The EchoTip® Insight™ Portosystemic Pressure Gradient Measurement System is a system used to provide endoscopic access to the portal and hepatic veins to measure local blood pressure. As shown in Figure 1, the system is composed of: 1. EchoTip Insight Endoscopic Ultrasound Needle 2. Connecting Tube 3. 10 mL syringe 4. Stopcock 5. Compass CT Pressure Transducer (K133624). The EchoTip® Insight™ Needle functions to provide access to the venous vasculature related to the portal circulation and hepatic outflow to facilitate the measurement of physiological pressure by the Compass® CT pressure transducer, a disposable manometer (cleared under K133624). The needle is enclosed within a 5.2 Fr. outer sheath for protection. The sheath has an adjustable length (0-5 cm) to allow the user to adjust for the working length of the endoscope. The sheath length extension lock ring allows the sheath to be secured in place by tightening the thumbscrew. The needle extension is also adjustable and ranges from 0-8 cm. The "zero" reference ensures complete needle retraction within the sheath. The handle has a safety ring that slides and locks using the thumbscrew at the desired needle extension. The Connecting Tube is used for the transfer of liquids (heparinized saline) between the EchoTip® Insight™ Needle and the Compass® CT pressure transducer. The Connecting Tube uses a female Luer lock to connect to the Compass CT pressure transducer, and a male Luer lock to connect to the stopcock. The Compass CT is a disposable, point-of-use blood pressure measurement and monitoring device that incorporates an embedded pressure sensor and an integrated, pre-programmed diagnostic computer chip with a liquid crystal display. Once the system is connected and primed with heparinized saline, the EchoTipe Insight™ Needle is passed through the accessory channel of an ultrasound endoscope and the needle is advanced to the desired vasculature (portal or hepatic vein) through the liver parenchyma. Using ultrasound guidance, the needle is placed at the desired location, allowed to stabilize, and a measurement reading is taken.

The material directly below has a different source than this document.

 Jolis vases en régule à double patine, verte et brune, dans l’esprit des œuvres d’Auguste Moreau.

The provided text describes a medical device, the EchoTip® Insight™ Portosystemic Pressure Gradient Measurement System, and its regulatory approval process, including performance testing. However, it does not explicitly define acceptance criteria in a table format with specific numerical targets. The "acceptance criteria" are implied by the successful completion of various tests and the statement that the probable benefits outweigh the probable risks.

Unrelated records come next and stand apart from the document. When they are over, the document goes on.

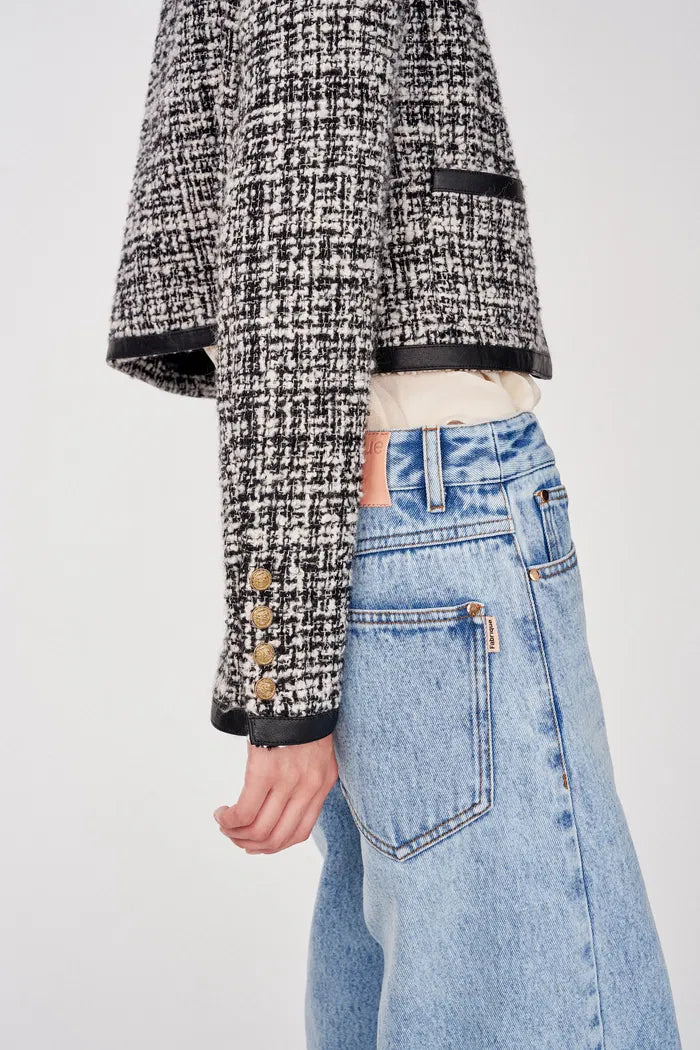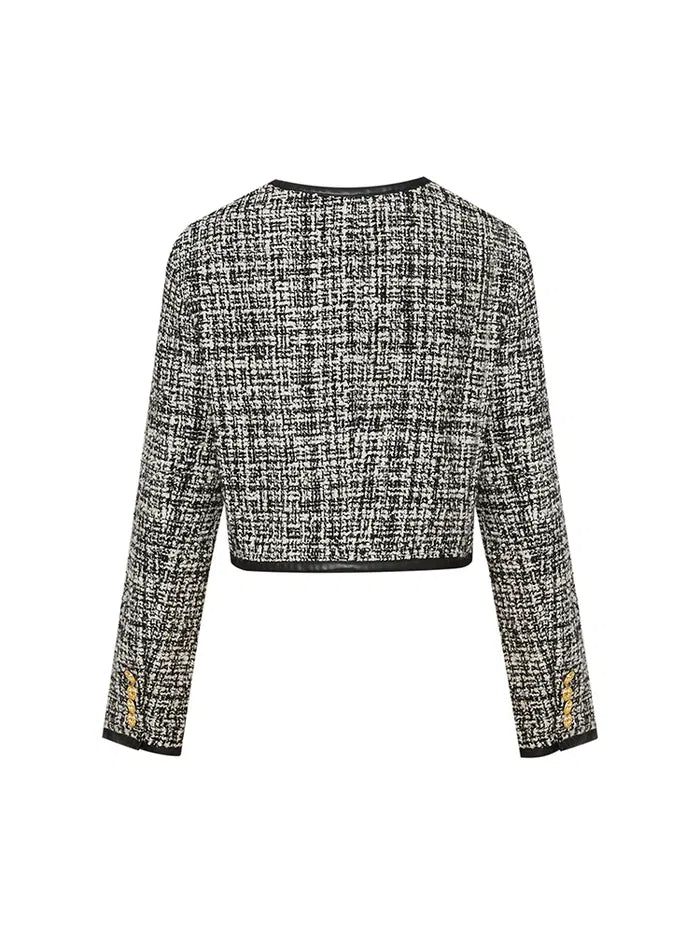 Think of this jacket as the ultimate power piece that rewrites the rules of classic tailoring. Crafted with a shortened, boxed silhouette that breaks away from traditional lengths, it's anything but ordinary. Standout gold buttons adorned with vintage-inspired badges add a layer of luxury.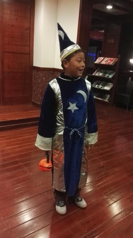 在享用完精美西餐之后,party迎来了趣味英文游戏的环节。我们在大屏幕投影出经典的英文台词让大家猜出对应的电影名字。经典的电影台词,不仅用词极为考究、优美,同时也富含人生哲理,比如肖申克救赎中的“It takes a strong man to save himself, and a great man to save another.”阿甘正传中的“Life was like a box of chocolates, you never know what you're gonna get.”教父中的“A man who is not a father will never be a real man”功夫熊猫中的“There is a saying, yesterday is history, tomorrow is a mystery. But today is a gift. That is why it's called the present (the gift). ”在这个环节中最闪亮的要数齐瑞轩小朋友,他同妈妈朱颖(大工15级MBA学生)一起参加了此次万圣节活动,答中了绝大多数的电影名,还为大家带来了一段英文即兴演讲,要知道瑞轩今年仅有9岁,却能说出如此地道、流利的英文,我们不禁惊呼快被他拍在沙滩上了!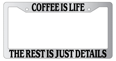 Chrome METAL License Plate Frame COFFEE IS LIFE THE REST IS JUST DETAILS Auto Mod-GRAPH9856236-8690

Since a table of acceptance criteria and reported device performance, and several other requested pieces of information are not explicitly stated, I will extract and infer as much as possible from the provided text.

Here's a breakdown of the requested information:

1. Table of Acceptance Criteria and Reported Device Performance

As mentioned, explicit numerical acceptance criteria are not provided. The "reported device performance" is described through the successful completion of various tests.

2. Sample size used for the test set and the data provenance (e.g. country of origin of the data, retrospective or prospective)

• Bench Performance Test (Simulated Use): "A statistically significant number of distinct needle devices, connecting tubes, and Compass CT transducers were tested..." (Actual number not specified). This was a prospective, benchtop test.
• Animal Study: 17 pressure measurements were carried out in three swine. This was a prospective animal study. Data provenance not explicitly stated, but the authors are from "Gastrointestinal Endoscopy, 2016 Aug" and "2017 May", implying likely US-based research or internationally recognized publication.
• Human Clinical Study: 28 patients. This was a single-center, prospective human pilot study. Data provenance not explicitly stated (journal and authors provided, but not specific country of origin).

3. Number of experts used to establish the ground truth for the test set and the qualifications of those experts (e.g. radiologist with 10 years of experience)

The concept of "ground truth" and "experts" as typically understood in AI/ML validation (e.g., for image classification) does not directly apply to this device. This device measures a physiological parameter directly.

• Bench Performance Test: "Known values" of pressure were created by filling a column of liquid. The ground truth was these known physical pressures. No human experts were involved in establishing this ground truth.
• Animal Study: The comparative method used was an "interventional radiologic (IR) trans-jugular balloon catheter tip," which is considered the standard of care for obtaining indirect portal/hepatic pressure. This method itself provides the "ground truth" for comparison. The study was conducted by researchers (likely experts in gastroenterology/endoscopy and interventional radiology, as implied by the journal type and comparison method reference in the title).
• Human Clinical Study: The study provided confirmatory evidence that the device could safely measure PPG. The "ground truth" for pressure measurements was established by the device itself in a clinical setting compared to expected physiological ranges, with safety as the primary endpoint. The clinicians performing the procedure (e.g., gastroenterologists) were experts in their field, overseeing the measurements.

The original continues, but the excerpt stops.